- Dataset extract:
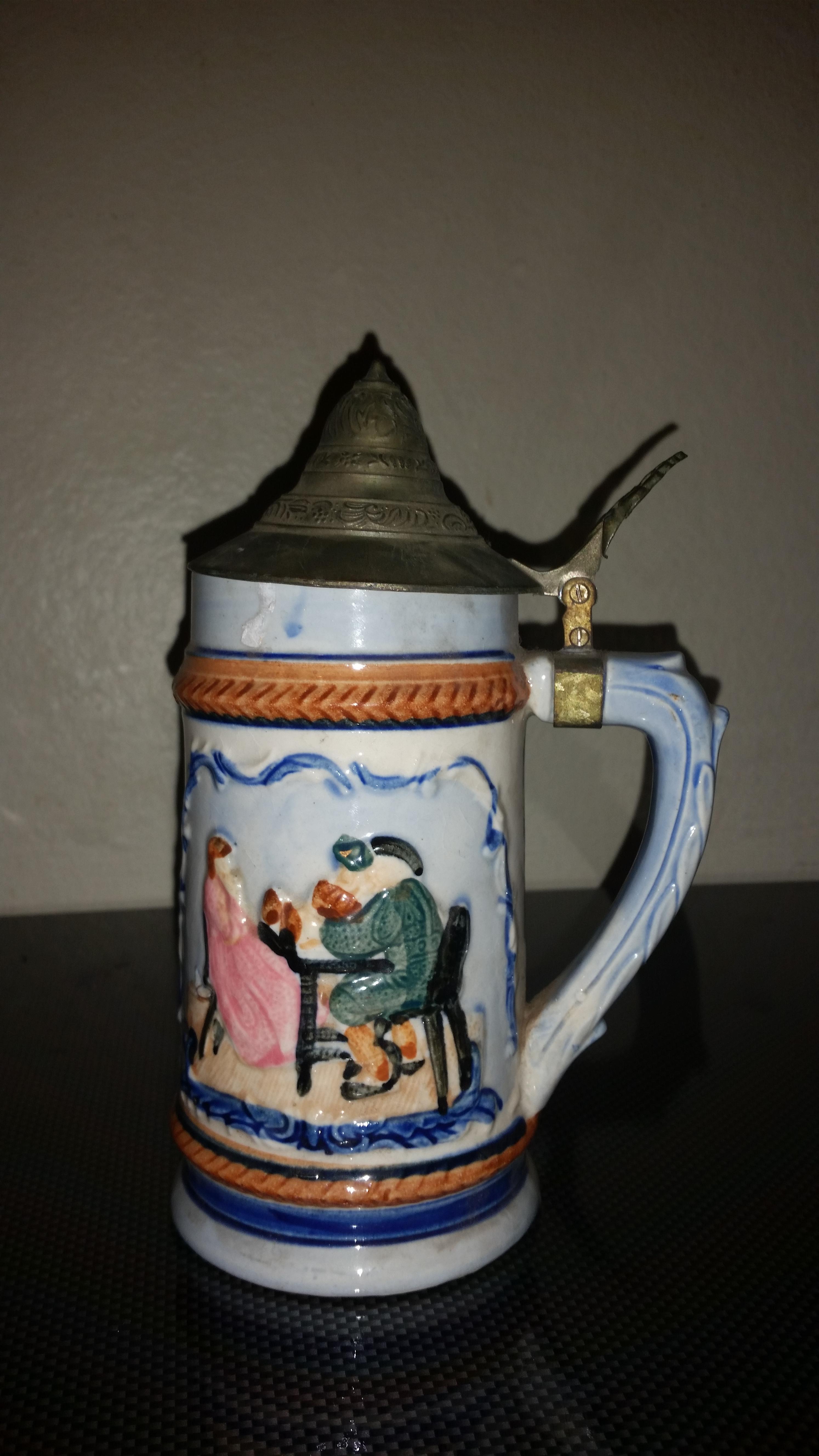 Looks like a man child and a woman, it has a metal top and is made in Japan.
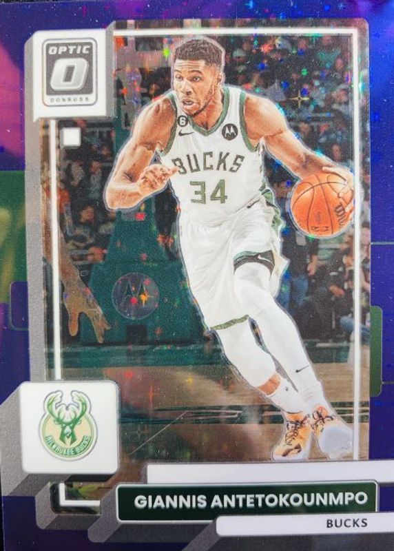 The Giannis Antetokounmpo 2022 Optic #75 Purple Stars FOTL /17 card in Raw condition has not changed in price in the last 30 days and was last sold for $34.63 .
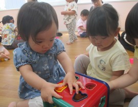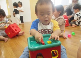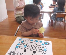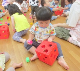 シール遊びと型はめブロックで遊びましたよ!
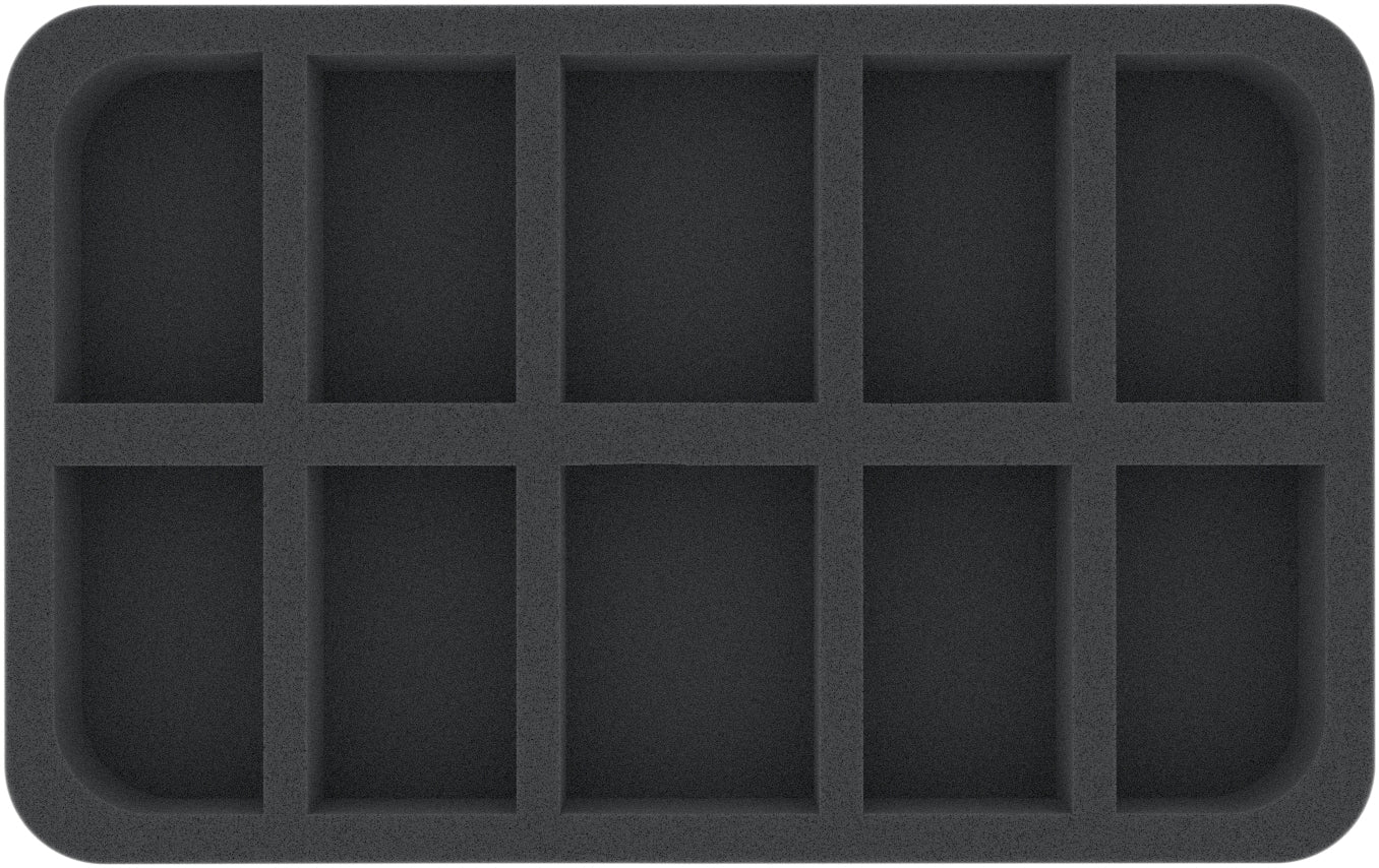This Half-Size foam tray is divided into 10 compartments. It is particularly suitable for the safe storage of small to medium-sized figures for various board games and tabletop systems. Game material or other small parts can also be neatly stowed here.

- Task requirements: Nothing but the lines from the line with "シール遊びと型はめブロックで遊びましたよ!" through the last line of the listing should be copied, exactly and with both ends kept. Leave pictures out.

- Answer space:
 シール遊びと型はめブロックで遊びましたよ!
This Half-Size foam tray is divided into 10 compartments. It is particularly suitable for the safe storage of small to medium-sized figures for various board games and tabletop systems. Game material or other small parts can also be neatly stowed here.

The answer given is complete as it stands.